Yeb Havinga <yebhavi...@gmail.com> writes:
> I think it is time to mark this patch ready for committer:
> The unintuitive result thus far is that sorting outperforms the R-tree
> bounding boxes style index, as Alexander has demonstrated with several
> different distributions on 20-11 (uniform, natural (is that a bell
> curve?), many distinct values)
I spent some time analyzing this patch today. A few observations:
1. The figures of merit that we're interested in are minimizing the
overlap between the bounding boxes of the split pages, and trying to
divide the items more or less equally between the two pages. The less
overlap, the fewer subsequent searches will have to descend to both
children. If we divide the items unequally we risk ending up with a large
(low fill ratio) index, if we're unlucky enough for the less-populated
side to receive few additional entries. (Which is quite likely, if the
subsequently-added data has distribution like the existing data's.)

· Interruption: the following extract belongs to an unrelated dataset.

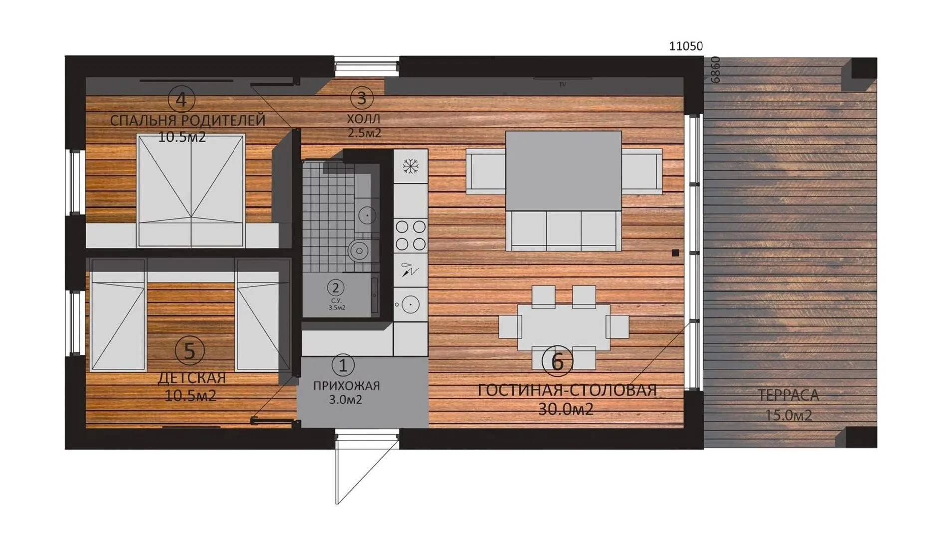 Позвольте представить *CERTUSHAUS60* – настоящий уголок уюта, где каждая деталь создана с любовью к природе и комфорту. Этот дом в стиле Barnhouse сочетает в себе искренний скандинавский колорит и современные принципы энергоэффективности, благодаря чему он остаётся неповторимо живописным и пригодным для проживания круглый год. Одноэтажный корпус позволяет без труда перемещаться по дому, а деревянные каркасные стены передают тепло и свежесть лесных чащ. Внутреннее пространство – это настоящий оазис спокойствия: высокий потолок, большие окна, залитые естественным светом, и изящные деревянные детали создают атмосферу уюта и гармонии. Благодаря высокой теплоизоляции и продуманной вентиляции, дом сохраняет комфортную температуру даже в суровые зимы, а в летнюю жару остаётся прохладным и приятным. Просторные комнаты, открытая кухня и уютный зал подарят вам и вашей семье ощущение единства и домашнего тепла. Наслаждайтесь свежим воздухом и видом на природу на просторной террасе, где можно устроить барбекю в летнее время или просто посидеть с чашкой кофе в нежном луче утреннего солнца. *CERTUSHAUS60* – идеальный выбор для тех, кто ценит аутентичность, простоту и связь с природой без излишеств. Приглашаем вас открыть для себя эту сказку, превратив свой дом в продолжение семейных традиций и счастливых воспоминаний.

Low fill ratio is of course bad for I/O and buffer space consumption.
Alexander's proposed algorithm wins on the equal-division front, since
it always produces an even split, while the existing Guttman algorithm
can produce very uneven splits (more on that below). However, it's less
clear that Alexander's patch beats the existing code in terms of getting
good bounding boxes.
2. It's not really appropriate to compare the patch directly against git
HEAD, since we know that's broken. I experimented with just fixing the
s/size_alpha/size_beta/ problem, and observed that search efficiency
(measured as the number of buffers touched in a single query) improved
markedly, but index size didn't, and index build time actually got worse.
3. I think that the test cases presented by Alexander aren't really that
useful, because they all consist of large numbers of small segments.
Almost any split algorithm can do reasonably well there, because you can
always find a split that has pretty minimal overlap between the bounding
boxes of the two child pages; and in particular, changing the distribution
of where the segments are doesn't change things much. Yeb pointed this
out upthread but didn't pursue the point. Of course, if there are only
large segments then it's impossible to find minimally-overlapping splits,
so any split algorithm will do poorly. I think the interesting case is
where there are a few large segments among a population of small ones.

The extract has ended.